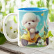 This personalized mug features an adorable Maltese white puppy dog riding a vibrant yellow scooter. The perfect gift for pet lovers and dog enthusiasts, this unique mug is sure to bring joy and smiles. Customize it with a name or special message to make it even more special. Enjoy your favorite beverage in style with this charming mug that captures the playful spirit of our furry friends. Ideal for daily use or as a thoughtful gift, this customized mug is a must-have for any dog lover's collection.
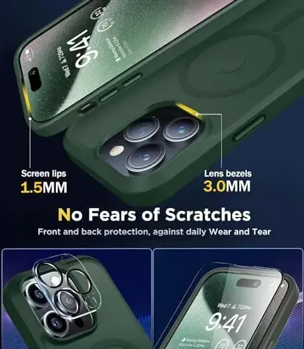 The BossKiss iPhone 15 Pro case offers superior protection and style for your phone. Its Magsafe-compatible design ensures a seamless experience with wireless charging and other Magsafe accessories. Thanks to the reinforced N56 magnets, it provides the strongest magnetic hold on the market, allowing you to use your phone safely. This case can support up to 3.5 lbs/1600g of weight and is fully compatible with Qi-certified Magsafe chargers, wallets, and car mounts. The fast and efficient 30W wireless charging feature reduces power consumption to almost zero.Designed for your phone's safety, this case offers 13FT military-grade protection. It has passed over 5000 tests, distributing 99% of the impact force and saving you from expensive repair bills. The hard and explosion-proof back panel, the flexible TPU bumper with 4-layer cushioning, and the 4 air cushion shock-absorbing compartments effectively absorb severe impacts when your phone is dropped or bumped.The BossKiss iPhone 15 Pro magnetic case comes with 1 screen protector and 1 camera lens protector. These protectors shield your screen and camera lens from scratches, shocks, and impacts. Maintaining original response sensitivity and ultra-clarity, it offers a flawless user experience. Suitable for both women and men, this case is made using a new generation of matte translucent coating and environmentally friendly materials. You will enjoy holding your phone in your hand thanks to its silky touch. Its ultra-thin design preserves the original size of the iPhone 15 Pro while protecting your phone from stains, dust, oil, and sweat. It can be easily cleaned with a damp paper towel.
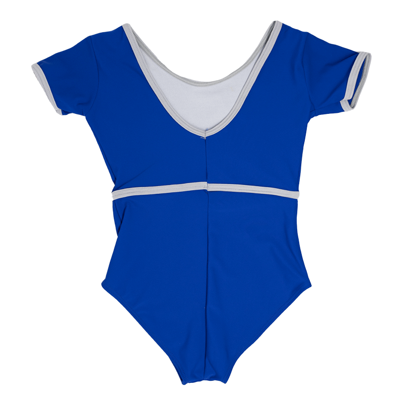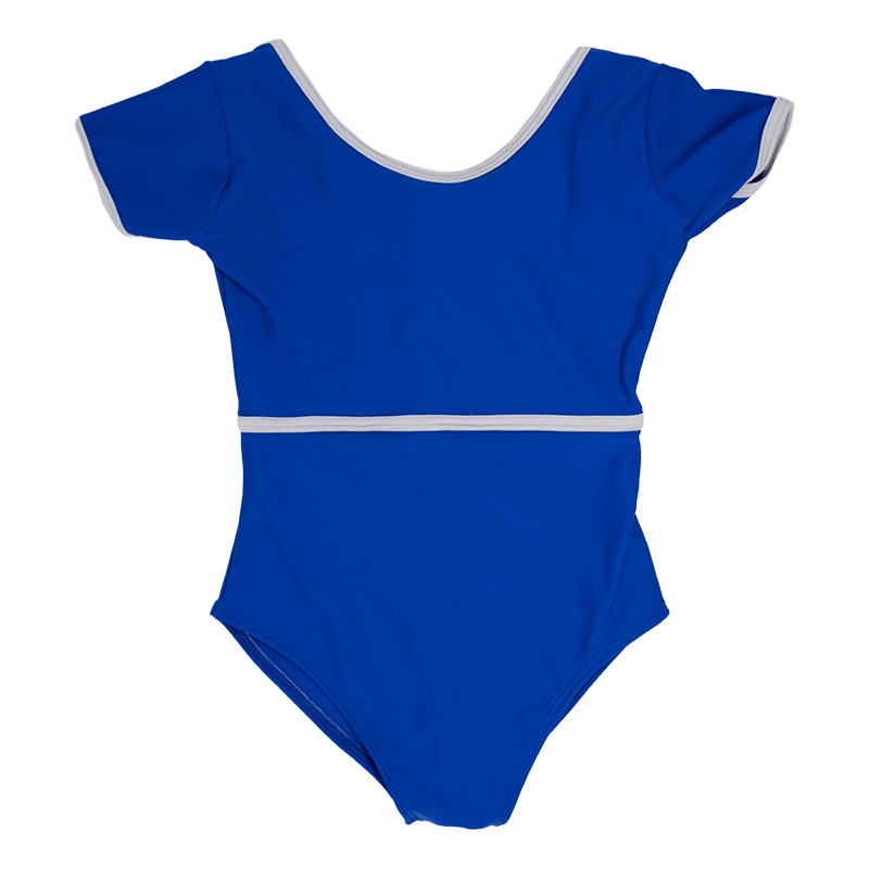 Dance leotard made of blue lycra with contrasting light blue edges along the neckline, sleeves and under the bust.
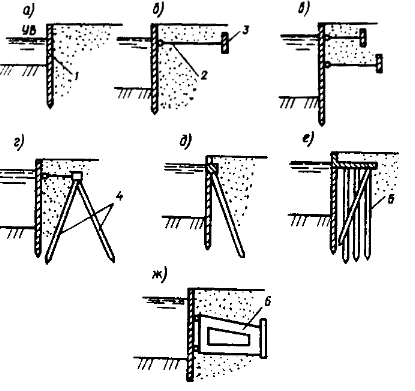 а - безанкерные; б, в, г - заанкеренные одной или двумя тягами к плитам и сваям; д - заанкеренные к наклонным сваям; е - свайный ростверк с передним шпунтом; ж - заанкеренные с жестким (в том числе скользящим) анкерным устройством; 1 - шпунт; 2 - анкерная тяга; 3 - анкерная плита; 4 - анкерные сваи; 5 - свайный фундамент; 6- жесткий анкер
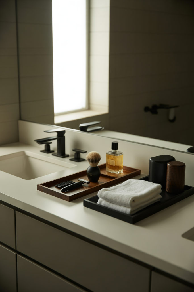 Men’s bathrooms, generally, do best with less and a more straightforward system. This concept centers on men’s grooming essentials with organization in shallow trays and basic display containers. By restricting the number of categories and ensuring visibility, everyday tasks become streamlined and more purposeful. The style is clean and straightforward, matching the elegance of modern living, and doesn’t go overboard on the details of storage, which is often the place where simplicity is often invaluable.
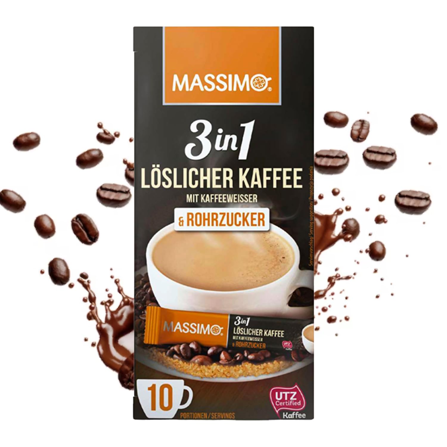 MASSIMO - Instant Coffee 3 in 1 with white coffee sugar and cane sugar 170 g x 16 powdered drink packs with instant coffee, white coffee sugar and brown cane sugar INGREDIENTS Sugar, coffee white (glucose syrup, whole coconut fat, milk proteins, stabilizer: potassium phosphates, polyphosphates, emulsifier: mono- and diglycerides of food fatty acids, mono- and diacetyl tartaric acid esters of mono- and diglycerides of food fatty acids) 35 , instant coffee beans 10 , brown cane sugar 10 .Storage pack: Enjoy the practical pack of Massimo 3-in-1 coffee sticks now. A total of 16 packs of 10 individual sachets. But the size of the package can make the whole family happy. The soluble powder allows for easy and quick preparation of a tasty cup of coffee. Massimo makes it possible: instant coffee sticks with everything a good coffee needs – all in one pack. Save time: easy preparation – simply add the MASSIMO 3-in-1 coffee stick to your cup, pour hot water or milk, stir and enjoy. All-in-one instant coffee for immediate enjoyment: 160 sticks of 17g powdered beverage with high-quality soluble coffee, white coffee and brown cane sugar. The coffee moment that makes you happy. ITALIAN TO GO: Enjoy Massimo coffee like in Italy, anytime and anywhere. Before a meal, after a main course, or as the perfect start to the day. Our goal: to enjoy quickly and comfortably—but with an Italian touch and style. MASSIMO - Café soluble 3 en 1 avec sucre blanc de café et sucre de canne 170 g x 16 paquets de boissons en poudre avec café soluble, sucre blanc café et sucre de canne brun INGRÉDIENTS Sucre, blanc de café (sirop de glucose, graisse de noix de coco entière, protéines de lait, stabilisateur : phosphates de potassium, polyphosphates, émulsifiant : mono- et diglycérides d'acides gras alimentaires, esters mono- et diacétyliques d'acide tartrique de mono- et diglycérides d'acides gras alimentaires) 35 , café à grains solubles. 10 , marron Sucre de canne 10 .Pack de conservation : profitez dès maintenant du pack pratique de bâtonnets de café Massimo 3 en 1. Un total de 16 paquets de 10 sachets individuels. Mais la taille de l'emballage peut rendre toute la famille heureuse. La poudre soluble permet une préparation facile et rapide d'une tasse de café savoureuse. Massimo rend cela possible : des bâtonnets de café instantanés avec tout ce dont un bon café a besoin – le tout dans un seul paquet. Gagnez du temps : préparation facile – il suffit d'ajouter le bâton de café 3 en 1 MASSIMO dans votre tasse, de verser de l'eau chaude ou du lait, de remuer et de profiter. Un café instantané tout en un pour un plaisir immédiat : 160 bâtonnets de 17 g de boisson en poudre avec du café soluble de haute qualité, du café blanc et du sucre de canne brun. Le moment du café qui vous rend heureux. ITALIEN TO GO : profitez du café Massimo comme en Italie, à tout moment et n'importe où. Avant le repas, après le plat principal, ou comme parfait début de journée. Notre objectif : profiter rapidement et confortablement - mais avec une touche et un style italiens.
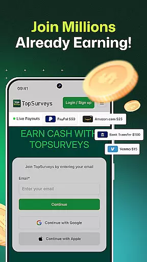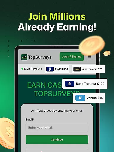 TopSurveys is a lifestyle app designed to help users convert their free time into tangible rewards. The core functionality revolves around completing surveys, playing games, and earning instant payouts via PayPal or gift cards. Unlike many survey platforms, TopSurveys minimizes unnecessary disqualifications, ensuring users can complete more surveys without wasting time. This makes it ideal for anyone looking to earn money effortlessly during their spare time.
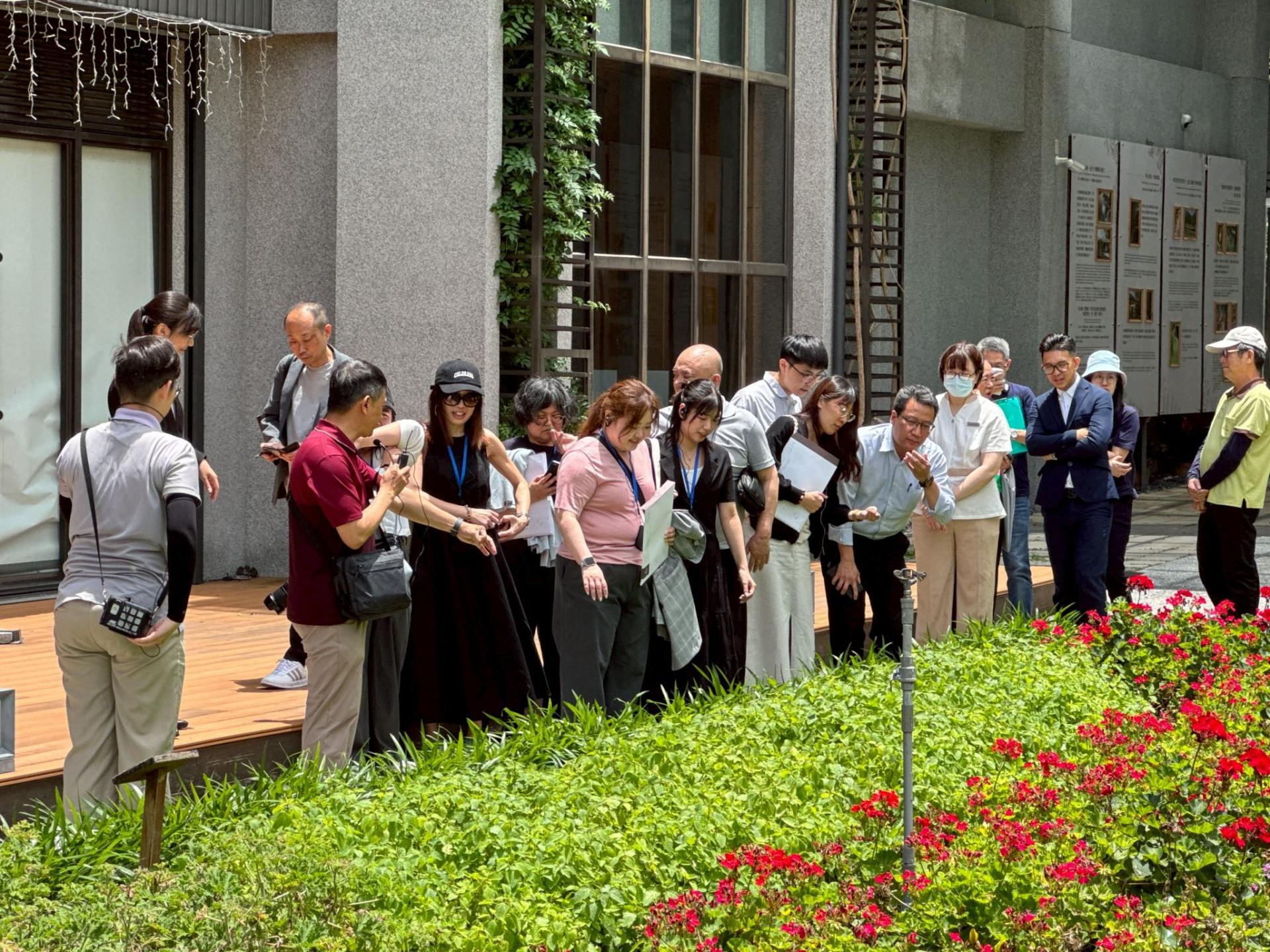 圖說:日本旅行業者實際體驗香草園區拈聞香草聽導覽人員說明。
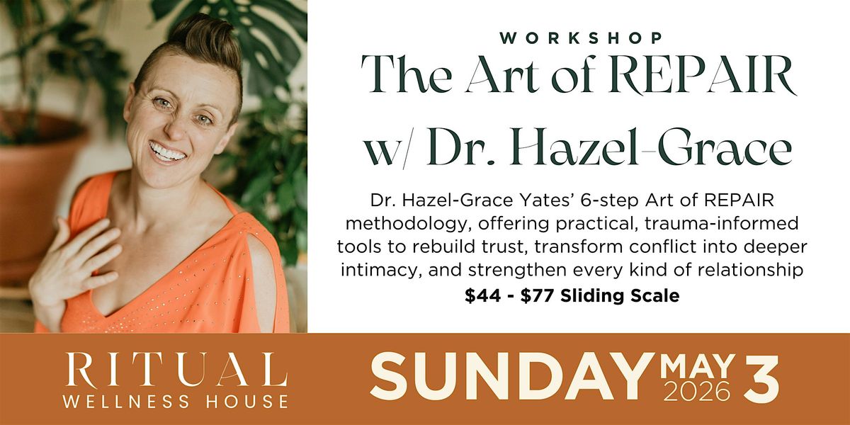Imagine a roadmap to harmony, a toolkit of resilience, and a foundation of confidence. This workshop revolves around the transformative power of Dr. Hazel-Grace’s revered 6-step Art of REPAIR methodology. This is the most up to date conflict repair process that weaves somatics, trauma awareness, neuroscience, and attachment theory. Discover the art of repairing conflicts, rebuilding trust, and reuniting in deeper intimacy.
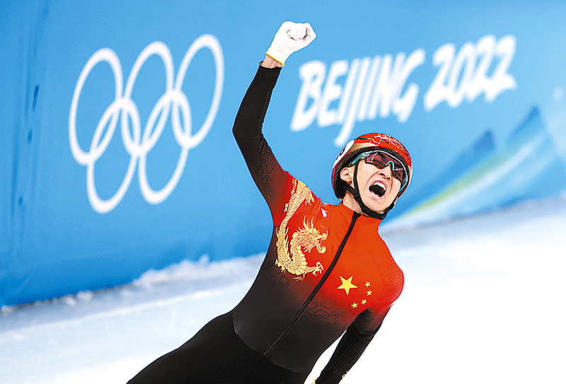 中国短道速滑奥运冠军武大靖6日官宣退役。图为2022年2月5日,在北京2022年冬奥会短道速滑项目混合团体接力决赛后,中国队选手武大靖庆祝中国队夺冠。
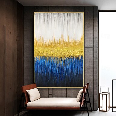 Handgemaltes Ölgemälde auf Leinwand, Wanddekoration, blau-goldene abstrakte Textur, Gemälde für die Dekoration von Esszimmer und Wohnzimmer, auf Keilrahmen gespannt/gerollt, rahmenlos, ungespannt
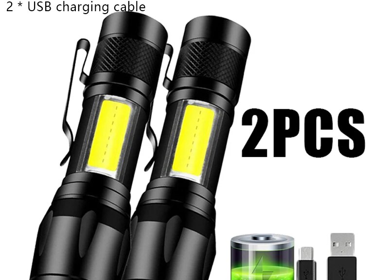 Mini Rechargeable LED Flashlight COB+XPE Portable Torch Camping Lantern Zoomable Focus Light Tactical Flashlight with Pen Clip
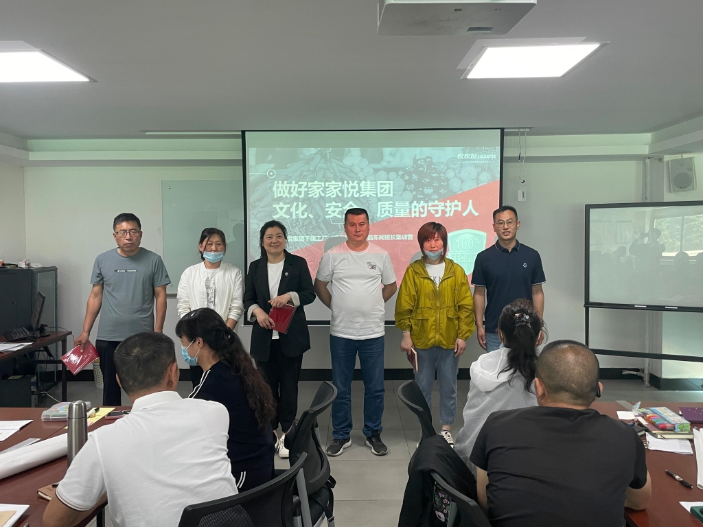 随着质量管理内容分享的结束,本次培训也接近了尾声。经过积分排名后,第五组获得了优秀小组。张海洋经理为优秀小组颁发了奖品。最后,在班长们齐声高喊“做好家家悦集团文化、安全、质量的守护人”的声音中,本次培训圆满的结束了。
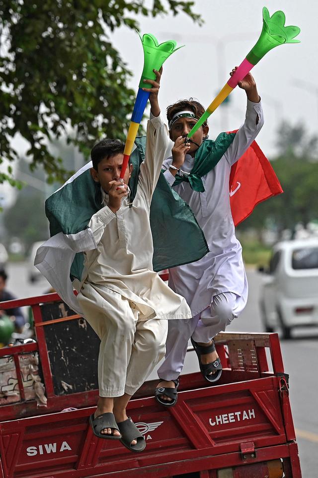 8月14日,在巴基斯坦伊斯兰堡,两名男孩吹着喇叭庆祝独立日。新华社/法新
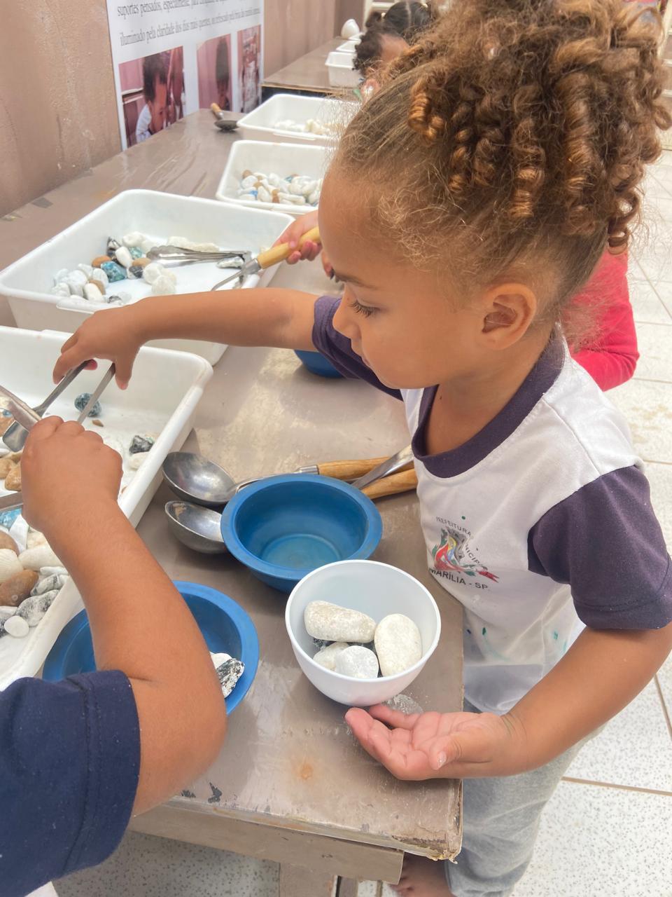 Neste dia, as crianças do Maternal I - B foram convidadas a explorar as bandejas de experimentações! A proposta contou com duas ilhas: uma de materiais contáveis (pedras grandes e pequenas) e outra com não contáveis (areia). Além disso, foram ofertados diversos materiais, como pegadores de inox, funis, peneiras e colheres!
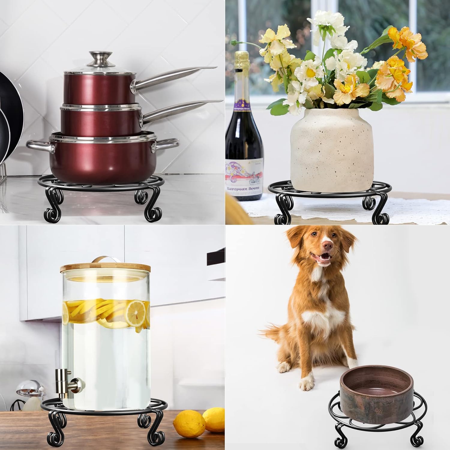 - 【CUTE AND BEAUTIFUL & MULTI-SCENARIO USE】: The round metal plant stand conformation is flowers pattern, cute and beautiful flower pot stand is a decoration itself, display your home beauty. This plant stand have three size ,they diameter are 9.4 Inches, 10.2 Inches, 11.8 Inches,they are suitable for anywhere, indoor and outdoor, garden, balcony, office, kitchen. You can place heavy plants, large potted trees, large vases, whiskey barrels, or heavy trash cans

++++++

* Goal of the exercise: Copy every record exactly, dropping the images.

* Solution below:
 This personalized mug features an adorable Maltese white puppy dog riding a vibrant yellow scooter. The perfect gift for pet lovers and dog enthusiasts, this unique mug is sure to bring joy and smiles. Customize it with a name or special message to make it even more special. Enjoy your favorite beverage in style with this charming mug that captures the playful spirit of our furry friends. Ideal for daily use or as a thoughtful gift, this customized mug is a must-have for any dog lover's collection.
 The BossKiss iPhone 15 Pro case offers superior protection and style for your phone. Its Magsafe-compatible design ensures a seamless experience with wireless charging and other Magsafe accessories. Thanks to the reinforced N56 magnets, it provides the strongest magnetic hold on the market, allowing you to use your phone safely. This case can support up to 3.5 lbs/1600g of weight and is fully compatible with Qi-certified Magsafe chargers, wallets, and car mounts. The fast and efficient 30W wireless charging feature reduces power consumption to almost zero.Designed for your phone's safety, this case offers 13FT military-grade protection. It has passed over 5000 tests, distributing 99% of the impact force and saving you from expensive repair bills. The hard and explosion-proof back panel, the flexible TPU bumper with 4-layer cushioning, and the 4 air cushion shock-absorbing compartments effectively absorb severe impacts when your phone is dropped or bumped.The BossKiss iPhone 15 Pro magnetic case comes with 1 screen protector and 1 camera lens protector. These protectors shield your screen and camera lens from scratches, shocks, and impacts. Maintaining original response sensitivity and ultra-clarity, it offers a flawless user experience. Suitable for both women and men, this case is made using a new generation of matte translucent coating and environmentally friendly materials. You will enjoy holding your phone in your hand thanks to its silky touch. Its ultra-thin design preserves the original size of the iPhone 15 Pro while protecting your phone from stains, dust, oil, and sweat. It can be easily cleaned with a damp paper towel.
 Dance leotard made of blue lycra with contrasting light blue edges along the neckline, sleeves and under the bust.
 а - безанкерные; б, в, г - заанкеренные одной или двумя тягами к плитам и сваям; д - заанкеренные к наклонным сваям; е - свайный ростверк с передним шпунтом; ж - заанкеренные с жестким (в том числе скользящим) анкерным устройством; 1 - шпунт; 2 - анкерная тяга; 3 - анкерная плита; 4 - анкерные сваи; 5 - свайный фундамент; 6- жесткий анкер
 Men’s bathrooms, generally, do best with less and a more straightforward system. This concept centers on men’s grooming essentials with organization in shallow trays and basic display containers. By restricting the number of categories and ensuring visibility, everyday tasks become streamlined and more purposeful. The style is clean and straightforward, matching the elegance of modern living, and doesn’t go overboard on the details of storage, which is often the place where simplicity is often invaluable.
 MASSIMO - Instant Coffee 3 in 1 with white coffee sugar and cane sugar 170 g x 16 powdered drink packs with instant coffee, white coffee sugar and brown cane sugar INGREDIENTS Sugar, coffee white (glucose syrup, whole coconut fat, milk proteins, stabilizer: potassium phosphates, polyphosphates, emulsifier: mono- and diglycerides of food fatty acids, mono- and diacetyl tartaric acid esters of mono- and diglycerides of food fatty acids) 35 , instant coffee beans 10 , brown cane sugar 10 .Storage pack: Enjoy the practical pack of Massimo 3-in-1 coffee sticks now. A total of 16 packs of 10 individual sachets. But the size of the package can make the whole family happy. The soluble powder allows for easy and quick preparation of a tasty cup of coffee. Massimo makes it possible: instant coffee sticks with everything a good coffee needs – all in one pack. Save time: easy preparation – simply add the MASSIMO 3-in-1 coffee stick to your cup, pour hot water or milk, stir and enjoy. All-in-one instant coffee for immediate enjoyment: 160 sticks of 17g powdered beverage with high-quality soluble coffee, white coffee and brown cane sugar. The coffee moment that makes you happy. ITALIAN TO GO: Enjoy Massimo coffee like in Italy, anytime and anywhere. Before a meal, after a main course, or as the perfect start to the day. Our goal: to enjoy quickly and comfortably—but with an Italian touch and style. MASSIMO - Café soluble 3 en 1 avec sucre blanc de café et sucre de canne 170 g x 16 paquets de boissons en poudre avec café soluble, sucre blanc café et sucre de canne brun INGRÉDIENTS Sucre, blanc de café (sirop de glucose, graisse de noix de coco entière, protéines de lait, stabilisateur : phosphates de potassium, polyphosphates, émulsifiant : mono- et diglycérides d'acides gras alimentaires, esters mono- et diacétyliques d'acide tartrique de mono- et diglycérides d'acides gras alimentaires) 35 , café à grains solubles. 10 , marron Sucre de canne 10 .Pack de conservation : profitez dès maintenant du pack pratique de bâtonnets de café Massimo 3 en 1. Un total de 16 paquets de 10 sachets individuels. Mais la taille de l'emballage peut rendre toute la famille heureuse. La poudre soluble permet une préparation facile et rapide d'une tasse de café savoureuse. Massimo rend cela possible : des bâtonnets de café instantanés avec tout ce dont un bon café a besoin – le tout dans un seul paquet. Gagnez du temps : préparation facile – il suffit d'ajouter le bâton de café 3 en 1 MASSIMO dans votre tasse, de verser de l'eau chaude ou du lait, de remuer et de profiter. Un café instantané tout en un pour un plaisir immédiat : 160 bâtonnets de 17 g de boisson en poudre avec du café soluble de haute qualité, du café blanc et du sucre de canne brun. Le moment du café qui vous rend heureux. ITALIEN TO GO : profitez du café Massimo comme en Italie, à tout moment et n'importe où. Avant le repas, après le plat principal, ou comme parfait début de journée. Notre objectif : profiter rapidement et confortablement - mais avec une touche et un style italiens.
 TopSurveys is a lifestyle app designed to help users convert their free time into tangible rewards. The core functionality revolves around completing surveys, playing games, and earning instant payouts via PayPal or gift cards. Unlike many survey platforms, TopSurveys minimizes unnecessary disqualifications, ensuring users can complete more surveys without wasting time. This makes it ideal for anyone looking to earn money effortlessly during their spare time.
 圖說:日本旅行業者實際體驗香草園區拈聞香草聽導覽人員說明。
Imagine a roadmap to harmony, a toolkit of resilience, and a foundation of confidence. This workshop revolves around the transformative power of Dr. Hazel-Grace’s revered 6-step Art of REPAIR methodology. This is the most up to date conflict repair process that weaves somatics, trauma awareness, neuroscience, and attachment theory. Discover the art of repairing conflicts, rebuilding trust, and reuniting in deeper intimacy.
 中国短道速滑奥运冠军武大靖6日官宣退役。图为2022年2月5日,在北京2022年冬奥会短道速滑项目混合团体接力决赛后,中国队选手武大靖庆祝中国队夺冠。
 Handgemaltes Ölgemälde auf Leinwand, Wanddekoration, blau-goldene abstrakte Textur, Gemälde für die Dekoration von Esszimmer und Wohnzimmer, auf Keilrahmen gespannt/gerollt, rahmenlos, ungespannt
 Mini Rechargeable LED Flashlight COB+XPE Portable Torch Camping Lantern Zoomable Focus Light Tactical Flashlight with Pen Clip
 随着质量管理内容分享的结束,本次培训也接近了尾声。经过积分排名后,第五组获得了优秀小组。张海洋经理为优秀小组颁发了奖品。最后,在班长们齐声高喊“做好家家悦集团文化、安全、质量的守护人”的声音中,本次培训圆满的结束了。
 8月14日,在巴基斯坦伊斯兰堡,两名男孩吹着喇叭庆祝独立日。新华社/法新
 Neste dia, as crianças do Maternal I - B foram convidadas a explorar as bandejas de experimentações! A proposta contou com duas ilhas: uma de materiais contáveis (pedras grandes e pequenas) e outra com não contáveis (areia). Além disso, foram ofertados diversos materiais, como pegadores de inox, funis, peneiras e colheres!
 - 【CUTE AND BEAUTIFUL & MULTI-SCENARIO USE】: The round metal plant stand conformation is flowers pattern, cute and beautiful flower pot stand is a decoration itself, display your home beauty. This plant stand have three size ,they diameter are 9.4 Inches, 10.2 Inches, 11.8 Inches,they are suitable for anywhere, indoor and outdoor, garden, balcony, office, kitchen. You can place heavy plants, large potted trees, large vases, whiskey barrels, or heavy trash cans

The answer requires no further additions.